● **What needs to be done**
A single stretch of the material below is to be transcribed exactly, starting at the line with "Figure 1. Oven top removal" and ending after the line with "Covesion's PPLN oven".

---- Data in this exercise

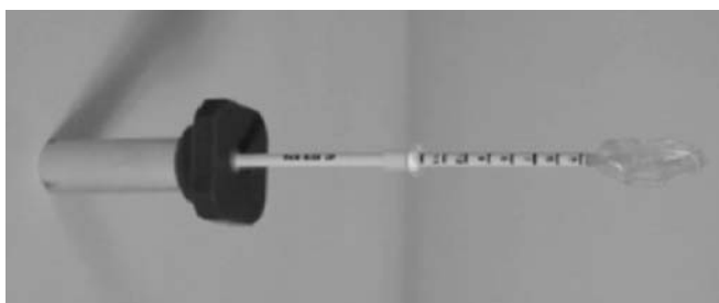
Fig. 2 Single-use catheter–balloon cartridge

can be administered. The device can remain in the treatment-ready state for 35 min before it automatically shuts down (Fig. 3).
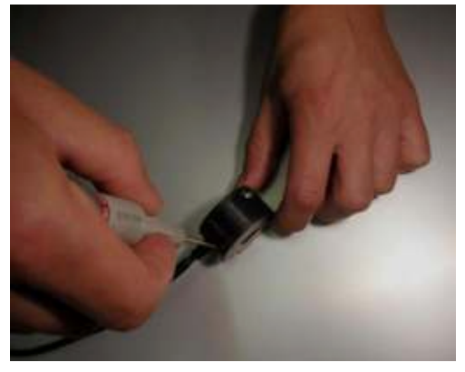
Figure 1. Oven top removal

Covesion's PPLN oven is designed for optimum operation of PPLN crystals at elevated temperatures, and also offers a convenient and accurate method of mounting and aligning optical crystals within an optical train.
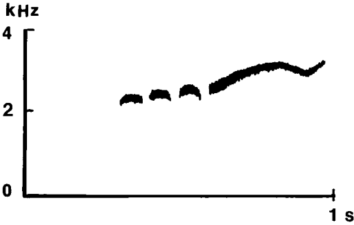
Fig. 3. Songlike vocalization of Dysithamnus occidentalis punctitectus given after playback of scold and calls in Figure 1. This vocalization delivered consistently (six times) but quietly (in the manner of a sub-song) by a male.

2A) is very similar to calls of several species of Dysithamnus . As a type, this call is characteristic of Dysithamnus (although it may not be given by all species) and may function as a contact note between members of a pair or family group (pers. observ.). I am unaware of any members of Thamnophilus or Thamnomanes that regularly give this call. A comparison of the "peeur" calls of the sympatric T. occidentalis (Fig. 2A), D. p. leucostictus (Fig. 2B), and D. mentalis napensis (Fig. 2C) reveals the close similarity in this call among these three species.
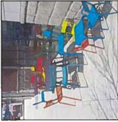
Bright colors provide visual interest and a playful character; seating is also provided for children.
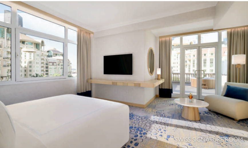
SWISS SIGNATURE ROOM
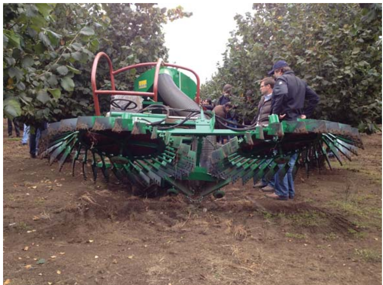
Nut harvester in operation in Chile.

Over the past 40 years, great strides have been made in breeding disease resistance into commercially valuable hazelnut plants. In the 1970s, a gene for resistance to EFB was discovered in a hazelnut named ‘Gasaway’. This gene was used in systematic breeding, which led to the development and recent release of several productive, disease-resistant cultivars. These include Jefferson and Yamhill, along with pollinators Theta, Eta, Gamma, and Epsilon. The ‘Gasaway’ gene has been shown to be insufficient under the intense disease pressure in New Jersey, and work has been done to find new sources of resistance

--------
---- Data in this exercise

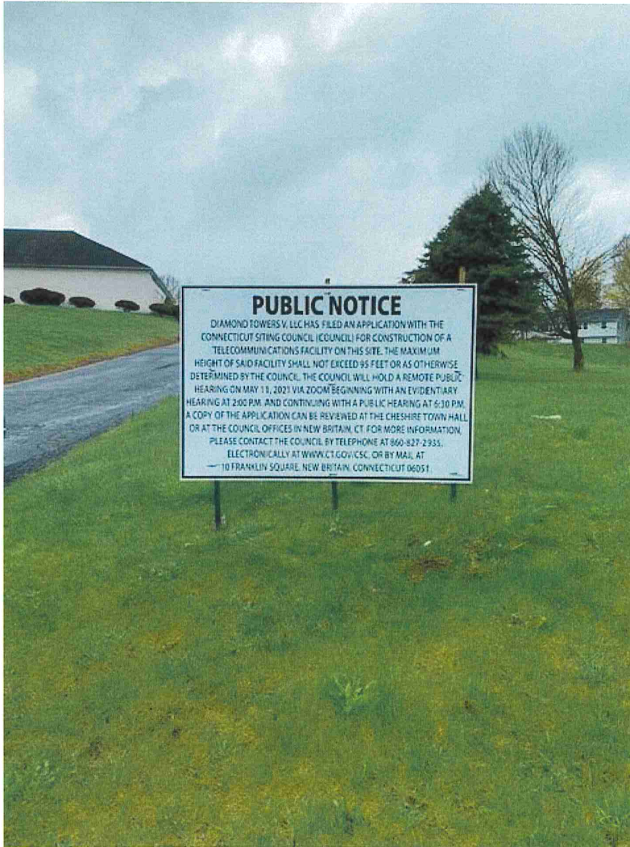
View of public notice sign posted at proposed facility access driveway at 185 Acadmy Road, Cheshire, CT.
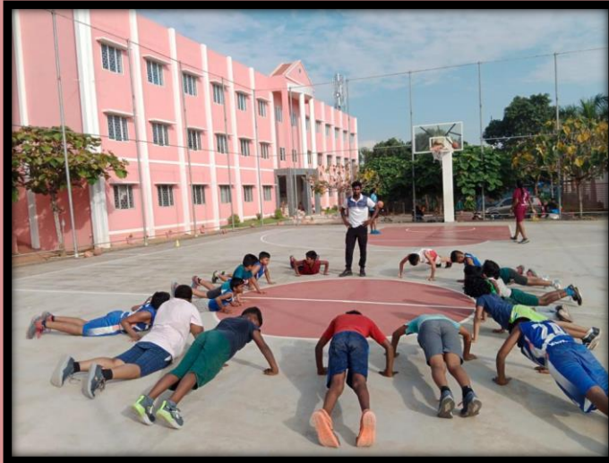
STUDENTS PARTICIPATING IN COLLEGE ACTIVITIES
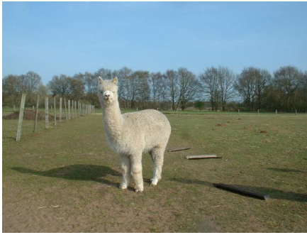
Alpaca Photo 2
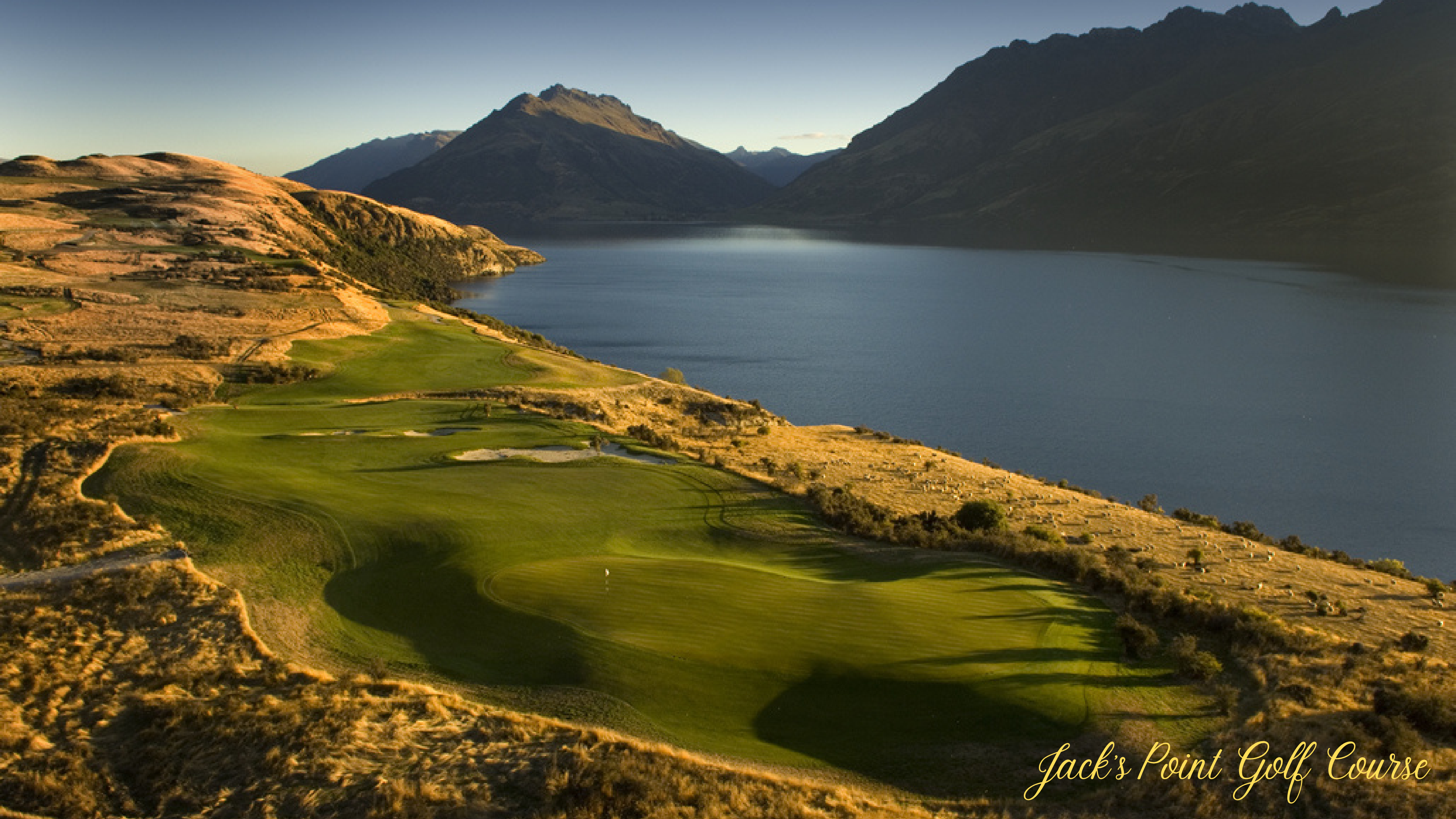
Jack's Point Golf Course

--------
---- Data in this exercise

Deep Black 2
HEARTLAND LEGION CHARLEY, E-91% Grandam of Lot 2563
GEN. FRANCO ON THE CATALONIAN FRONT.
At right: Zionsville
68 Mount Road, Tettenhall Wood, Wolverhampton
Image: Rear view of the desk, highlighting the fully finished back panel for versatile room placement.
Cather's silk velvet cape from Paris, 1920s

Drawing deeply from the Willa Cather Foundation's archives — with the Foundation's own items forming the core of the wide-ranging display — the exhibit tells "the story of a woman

--------

● **Reply**
Figure 1. Oven top removal

Covesion's PPLN oven is designed for optimum operation of PPLN crystals at elevated temperatures, and also offers a convenient and accurate method of mounting and aligning optical crystals within an optical train.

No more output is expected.